I am surprised that nobody has mentioned the obvious historical analogy to the alliance with Gaddafi: our collusion with Stalin in the Second World War. As the Russians advanced over eastern Europe, Stalin demanded that those found in previously Nazi-controlled areas, including some 40,000 "White Russian" or anti-communist troops, should be repatriated regardless of their own wishes. Winston Churchill agreed that, where necessary, our troops would help in rounding them up. He well understood that many would be shot. "We cannot afford to be sentimental about this," wrote the foreign secretary, Anthony Eden, adding, "we don't want them here".

The wartime government, however, had the further excuse that British prisoners-of-war were falling into Soviet hands and that upsetting Stalin might endanger them. Furthermore, even though Churchill backed military support for the White Russians during the civil war, he never pretended to favour humanitarian and liberal crusades. He was an honest, old-fashioned warmongering imperialist, not a hypocritical moralist in the Blair mould.

Family firm

From the latest MPs' questioning of former News International executives, we know the real reason Rupert Murdoch's company paid large sums to Clive Goodman, the News of the World reporter jailed for phone-hacking. Not, as we thought, to keep him quiet so he didn't implicate other staff - including senior executives - in criminality. No, Goodman, a convicted criminal who brought shame on his employers, was paid £230,000 on compassionate grounds. "Newspaper proprietors have a tradition of looking after staff families," MPs were told. In more than 30 years working on Fleet Street, five of them for the Sunday Times when it was controlled by News International, this caring side of the industry somehow escaped my notice. Like Murdoch's executives and ex-executives, I have searched my memory on this subject, but I cannot recall any person in a senior position even asking if I had a family. I don't remember. I was not aware of it. I had no involvement. It was outside my brief.

The confusenik

Given that Wapping seems to induce chronic amnesia, Murdoch is wise to abandon it. I worked there for only a few months and still shudder whenever I pass. A few journalists, known as "refuseniks", declined to obey Murdoch's instruction to move there in 1986 so that he could break the print unions. I was a "confusenik", because, much as I hated Murdoch, I didn't greatly care for the unions, which to my mind behaved more like labour contractors than organisations of proletarian solidarity.

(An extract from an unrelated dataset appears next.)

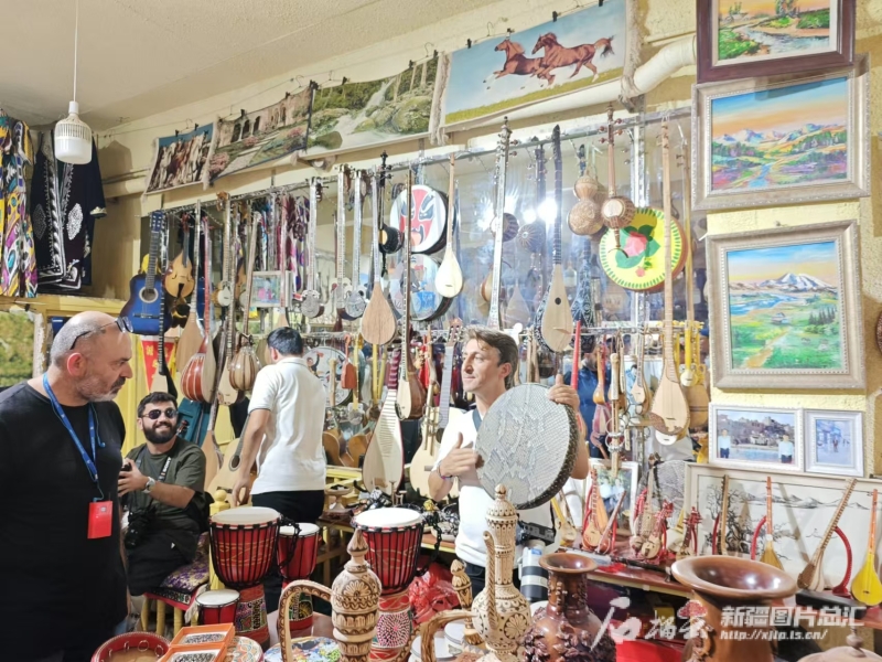 此外,喀什古城的銅器、木器、手工樂(le) 器、葫蘆烙畫等各類傳(chuan) 統非遺技藝,也成為(wei) 土耳其媒體(ti) 人關(guan) 注的焦點。在木器巴紮內(nei) ,手藝人拿起馬克筆、電烙筆、刻刀等工具,在葫蘆上勾好型,隨著工具在表麵遊走,一幅精美獨特的圖案便躍然於(yu) 葫蘆之上。這一幕吸引了一日報總編輯易卜拉欣·瓦爾勒,“這是我第一次看到葫蘆烙畫,太神奇了,僅(jin) 用幾件工具,就能將葫蘆變成一件精美的藝術品。”

I declined to travel on company buses provided to ferry employees to work safely. Instead, I walked from the local Tube station, braving abuse from picket lines and the occasional stone, which I was then nimble enough to dodge. Wapping itself, draped with barbed wire and entered through a heavily fortified gatehouse, was far more unpleasant. Murdoch's men called it "the plant" and indeed it felt like a factory. I knew journalism had changed for ever when I heard an executive refer to a newspaper as "the product".

Circus act

The late education professor Ted Wragg used to say that education was like Piccadilly Circus: wait long enough and everything comes round again. Here's an example. Travelling on a train from London to Manchester many years ago, I fell into conversation with a formidable woman who said she was a school governor. Which school, I asked. All schools in Manchester, she replied, explaining that the city's education committee, of which she was a member, was also the governing body for each school. That arrangement, I learned to my surprise, was not uncommon and it continued until legislation in the 1970s required each school to have a separate governing body.

Now, as the Financial Times reports, Ark Schools, which runs a chain of supposedly “independent" state-financed academies - set up, the government assures us, to "liberate" education from stifling local authority control - wants to set up a single governing body for all its schools. "The vast business of English education", a leaked memo says, should not be "run and regulated as a set of cottage industries". So much for accountability, devolution and the "big society".